At minimum, an endpoint is a method on your fal.App class decorated with @fal.endpoint. It receives typed input and returns typed output. The types you use determine both the API schema and how the Playground renders the input form and output preview.
import fal
from pydantic import BaseModel

class Input(BaseModel):
    prompt: str

class Output(BaseModel):
    text: str

class MyApp(fal.App):
    machine_type = "GPU-A100"

    def setup(self):
        self.model = load_model()

    @fal.endpoint("/")
    def generate(self, input: Input) -> Output:
        result = self.model(input.prompt)
        return Output(text=result)
You can define multiple endpoints on the same app at different paths.

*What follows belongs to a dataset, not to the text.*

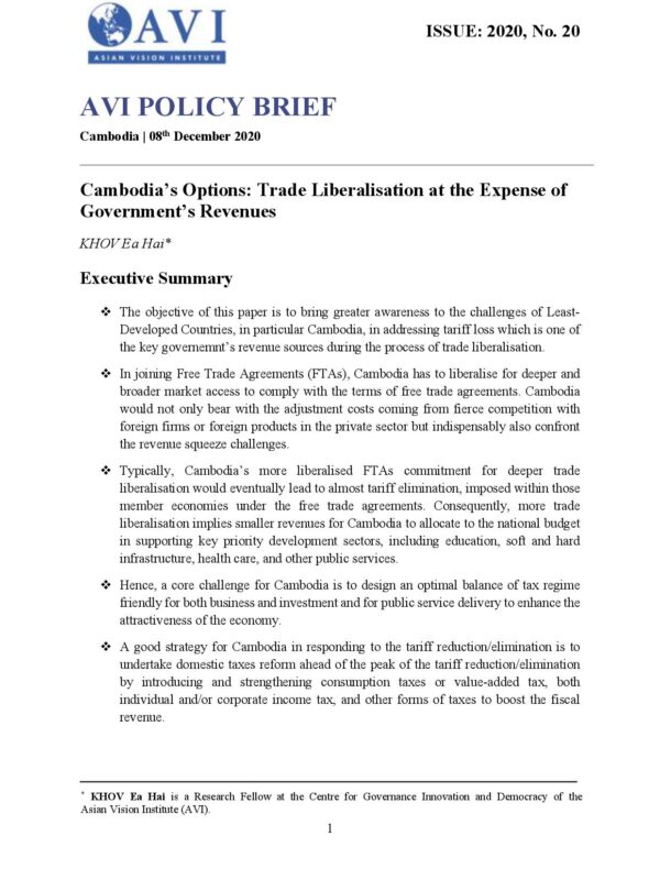 AVI POLICY BRIEF ISSUE: 2020, No. 20 | Cambodia’s Options: Trade Liberalisation at the Expense of Government’s Revenues

Callers reach non-root endpoints by appending the path to the endpoint URL (e.g., https://fal.run/your-username/your-app/enhance).
class MyApp(fal.App):
    @fal.endpoint("/")
    def generate(self, input: GenerateInput) -> GenerateOutput:
        ...

    @fal.endpoint("/enhance")
    def enhance(self, input: EnhanceInput) -> EnhanceOutput:
        ...

What’s in This Section

The pages below cover each aspect of endpoint development. Handle Inputs and Outputs explains how to define Pydantic schemas that control both API validation and how the Playground renders your input form and output preview. Working with Files covers downloading input files and uploading generated outputs to the CDN at runtime. For progressive output, Streaming shows how to send partial results to clients via Server-Sent Events. For bidirectional communication with persistent connections, see Realtime. Testing covers automated endpoint testing and CI setup, Health Checks let fal detect and replace unhealthy runners, and Cancellations show how to free GPU resources when callers cancel in-flight requests.